Buryat corpus

This website presents the Buryat corpus of written texts. The total size is 3 million words. Currently, 85% of the total size of the corpus is annotated. Each annotated word form has a lemma and a set of grammatical tags.

This corpus is a linguistic resource of the contemporary Buryat literary language. Its organization and development has been carried out with the financial support of the Program of Fundamental Research of the Presidium of the Russian Academy of Sciences.
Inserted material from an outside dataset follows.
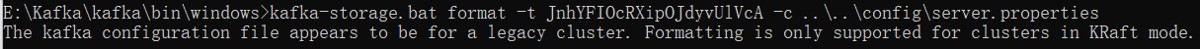 # 使用 kraft 版本的配置文件 kafka-storage.bat format -t JnhYFIOcRXipOJdyvUlVcA -c ..\..\config\kraft\server.properties

The Buryat corpus is addressed to all who are interested in the language and culture of the Buryats: Mongolian studies specialists, linguists, scholars, educators, as well as writers, journalists, and librarians.

The corpus includes about 3 million words of written texts (mainly in works of Buryat fiction), along with their meta-descriptions (i.e. author’s name and gender, date of publishing, genre, chapters and other text divisions, etc.). The corpus is supplied with the words' morphological information, i.e. inflected forms and grammatical category.

The Buryat corpus development is a long-term project: the corpus is being continually augmented and modified as new texts are added to it; the project’s grammatical dictionary and linguistic tools such as the morphological analyzer and meta-description are being constantly enhanced.

The participants of the project are or were previously affiliated of the institutions as National Research University Higher School of Economics (M. Daniel, T. Arkhangelskiy), Institute of Oriental Studies, Russian Academy of Sciences (S. A. Krylov), and Institute for Mongolian, Buddhist and Tibetan Studies, Siberian Division, Russian Academy of Sciences (L. D. Badmaeva, O. S. Rinchinov, G. N. Chimitdorzhieva, Ju. D. Abaeva).